Marqueur

 

Patricia Timmermans 


Dans un coin du hall, une Polonaise à la tête fine et aux mains longues, assise seule, pleurait. 
Elle était une sorte d'anglophile ayant été captivée,
 dés sa petite enfance, par les histoires du roi Arthur et de ses chevaliers. 
Elle se serait probablement sentie moins sombre si elle n'avait pas eu si froid,
 mais, encore une fois, elle était arrivée insuffisamment vêtue.
Sans bas de laine, elle avait supposé, naïvement, acheter ce dont elle aurait besoin une fois sur place. 

Oh que tu étais maigre cette année terrifiante où je t'avais vue t'effondrer. 
Ta peau était vide comme un sac déchiré.
Le sel, débordant de tes os, insistait pour louer à nouveau la fidélité de ce corps à reconstruire.

Les yeux écarquillés, d'un glamour déconcertant, en rouge à lèvres et talons hauts,
tu pouvais, jadis, entrer dans un mess militaire ou dans le bureau d'un politicien
et persuader le plus dur et taiseux, le plus récalcitrant des hommes, de dialoguer.
Tu pouvais visualiser des patrouilles lourdement armées glissant comme des fantômes à travers les bois,
 rampant derrière des lignes ennemies qui coupaient toute communication,
jusqu'à ce que des bataillons entiers soient isolés, les patrouilles qui déjouaient les chars,
 les vélos rivalisant avec les camions, les couteaux défiant les fusils.
Sur quatre mille kilomètres, la route et les forêts jonchées de cadavres d'hommes et de chevaux,
 de cuisines de campagne abandonnées, de cartes raturées. 
Tu pouvais confondre la couleur de peau des guerriers, acajou, avec leurs vêtements tachés de boue,
les cadavres gelés, dans des postures grotesques,
des hommes rauques et rasés de près aussi durs que du bois pétrifié. 
Leurs bottes hautes et leurs longs manteaux épais
 qui offraient un contraste frappant avec l'apparence minable des paysans. 

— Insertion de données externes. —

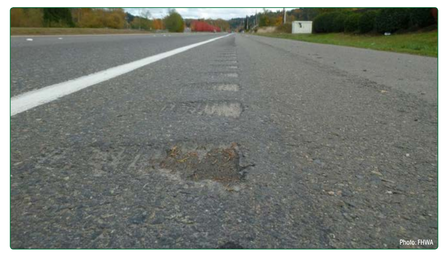
FIGURE 6. Poor Results Due to Differing Cross Slopes

This can also occur on shoulder rumble strips if the shoulder has a different cross-slope than the main line, as shown in Figure 6. Together, the inspector and contractor can assess different milling techniques to meet the needs of the site conditions.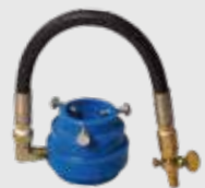
Wet Head Assembly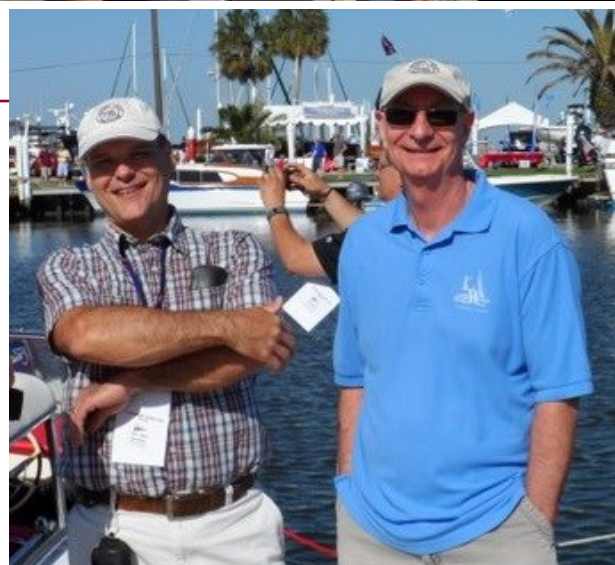
Club members and fellow enthusiasts enjoying the views.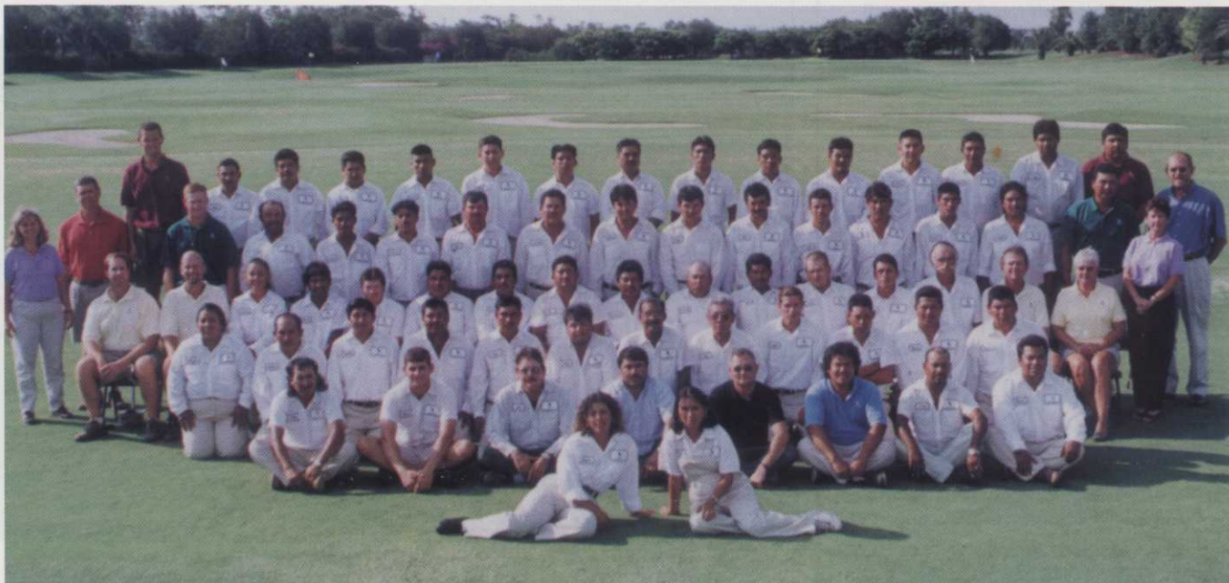
Quail West Maintenance Staff.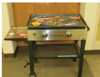
Griddle Cooking Station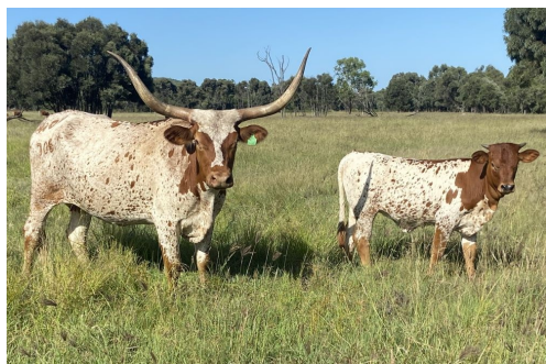
Brigalow Texas Longhorns

Full Blood Cow. Reg# TLA: WHOTF706 ITLA: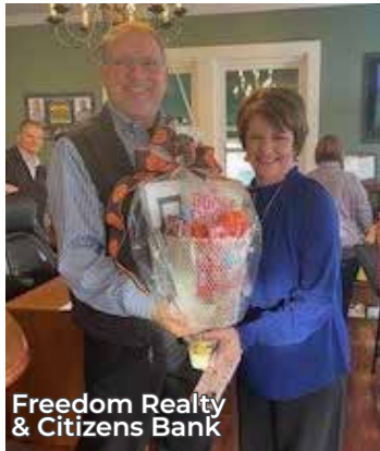
Freedom Realty & Citizens Bank

These events took us to different locations all across Clark County, giving members the chance to discover new spaces, learn what fellow businesses offer, and understand the diverse industries that make our community thrive. Whether you were exploring a member's newly renovated building at breakfast, learning about Artificial Intelligence at a Lunch & Learn, or catching up on the latest at an After Hours, each gathering created opportunities to connect with the people behind the businesses. And who knows—you might have even walked away as a door prize winner!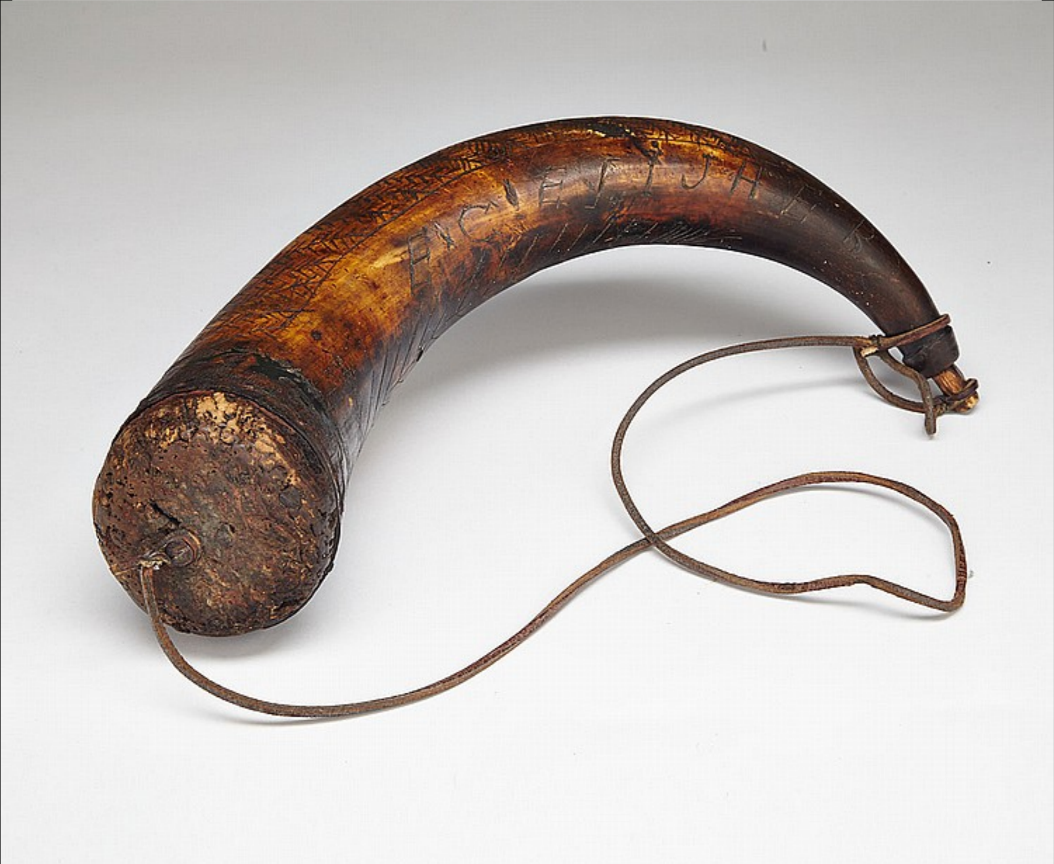
Powder Horn 2nd Half 18th Century (Cowan's Auctions)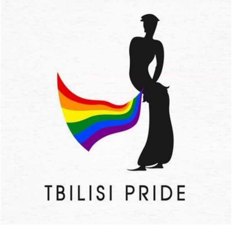
This year, LGBT+ rights group Tbilisi Pride was organized without a public March for Dignity due to safety concerns.

On Saturday an incident took place near the parliament building as one of the protesters tried to burn himself. However, the police diffused the tension and the injured person was taken to a hospital. The rally participants also burned Tbilisi Pride and European Union flags.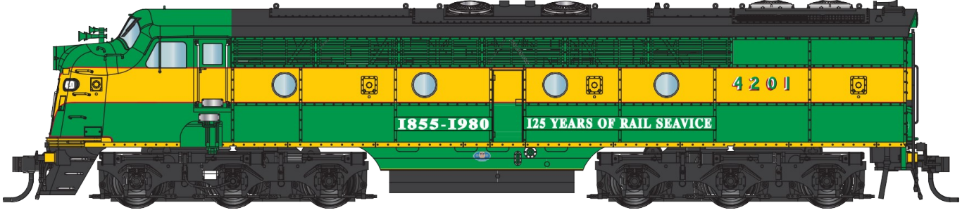
4201 - 125 Years - Single Marker Lights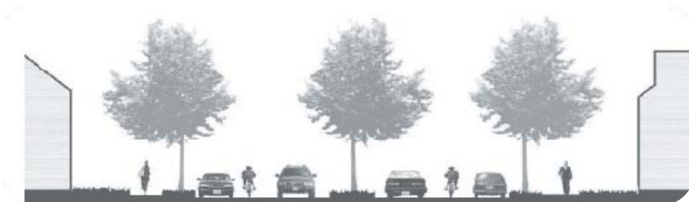
Typical Section for an Avenue

“Eastern Avenue” is also a new street expected in Crozet. “Eastern Avenue” will extend from Three Notch’d Road to Route 250 West through the existing Cory Farm development and will involve a bridge over Lickinghole Creek, a bridge or underpass to cross the CSX tracks to the north, and numerous connections to neighborhood streets. “Eastern Avenue” has been recommended in County plans for over 30 years, and right-of-way for this street has been dedicated or reserved in some places. It is expected to be built by developers during construction of their projects, except for the bridge over Lickinghole Creek. Aside from construction, truck traffic should not be allowed on this road which will function as an avenue. Construction phasing is prioritized to begin at the northern end of the project, connecting to the new “Main Street”.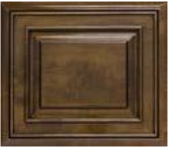
HIGH-GLOSS GLAZED PACIFIC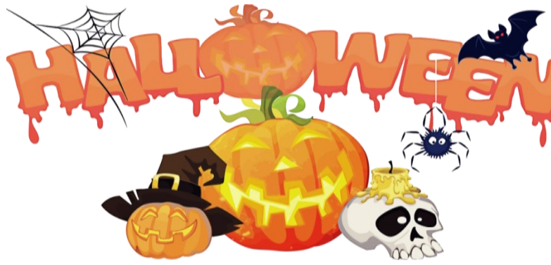
Halloween Party Photos from October 27th.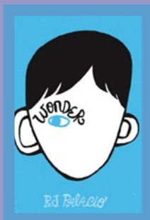
Wonder RJ Palacio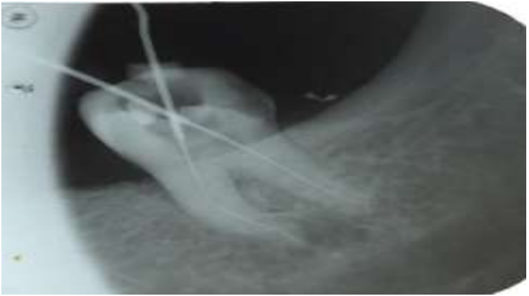
Figure 2: fractured file bypassed and working length determined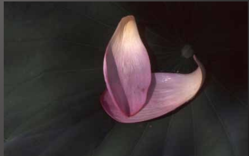
4th Place Dolphy Fairhurst "Hands in Your Lap"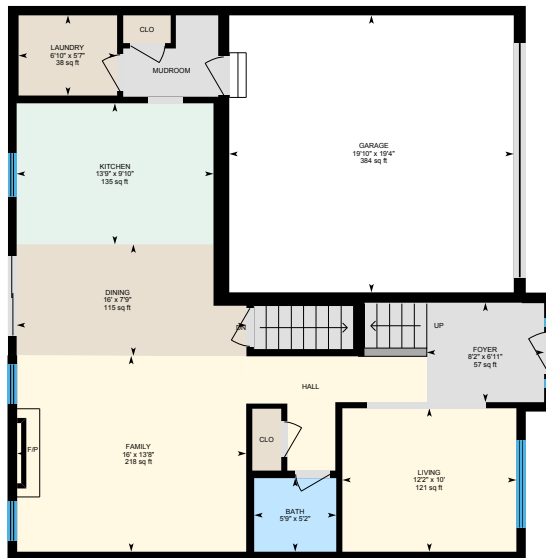
1st Floor Finished Area 1002.67 sq ft

Main Building: Above Grade Finished Area 1903.09 sq ft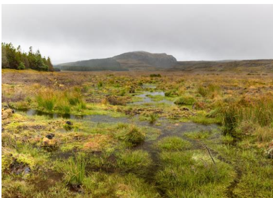
Figure 1a. Peat dams installed at Criadadh More, Isle of Mull on 19/03/2015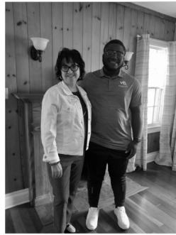
Welcome House Kingston Pike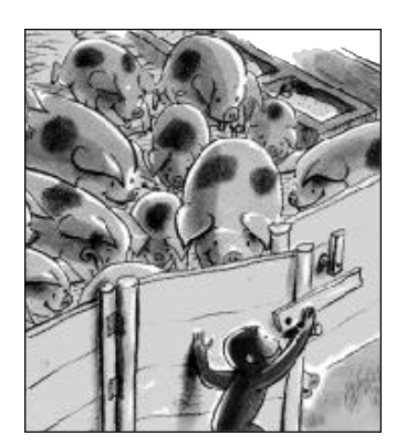
The pigs are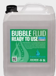
Drums 2,5L – 5L – 10L – 20L 200L -1000L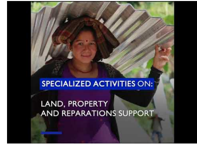
IOM's work on protection in crisis response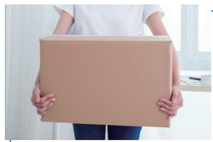
Easy for transportation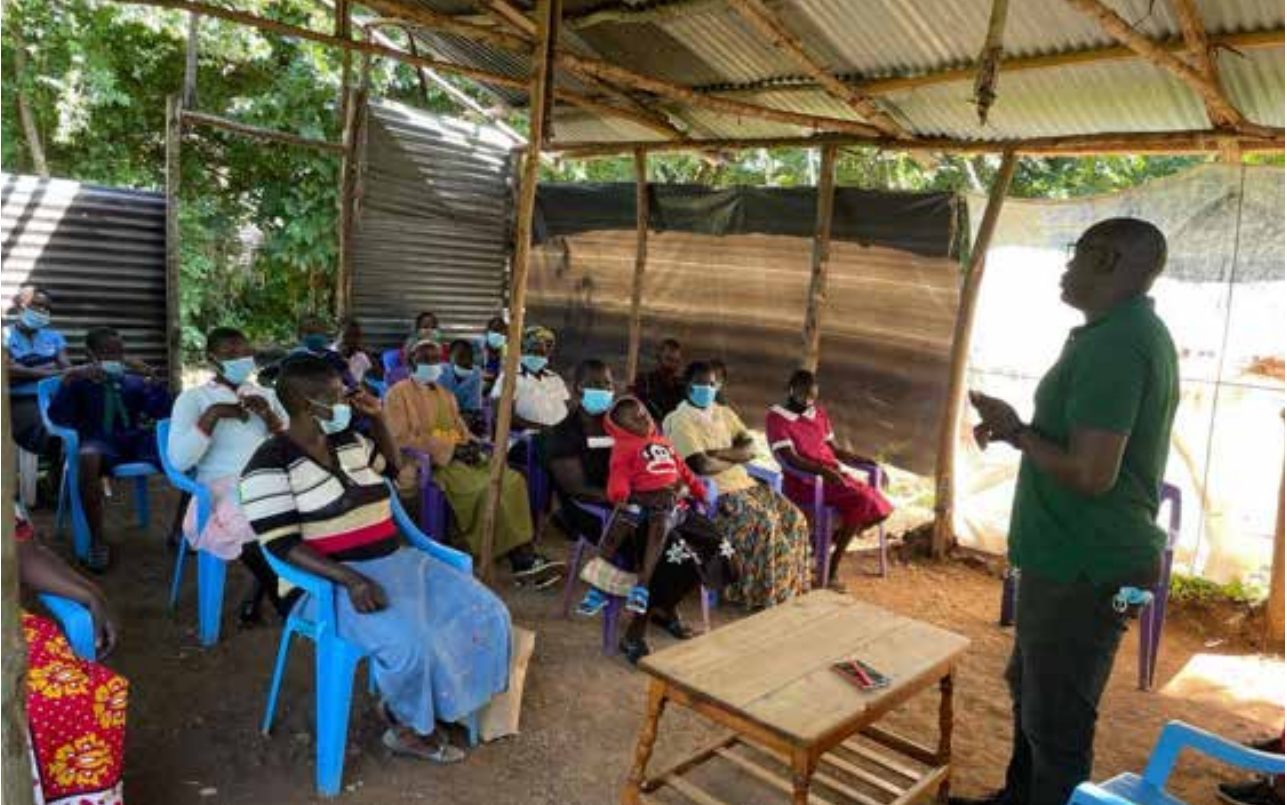
MEETING SOME POTENTIAL SPONSORED CHILDREN AND THEIR PARENTS

Pendant que tu te déshabilles maintenant, devant moi,
je peux contempler ta merveilleuse chair gonflée, la superficie de tes cuisses,
les gerbes de tes hanches, tes seins sans limite,
ton ventre marécageux comme une rivière s'épaissit quand la glace se radoucit.

La lampe de ton corps brille.
Chacune de tes assiettes effacent les précédentes.
Bénis le beurre, bénis brie. 
Trempe dans l'huile opulente.
Sanctifie Schmaltz et que la crème épaisse de noix de cajou allume ta fournaise
et chargent tes vaisseaux.
Puisses-tu toujours t'épanouir, énorme et somptueuse, marbrée de gras.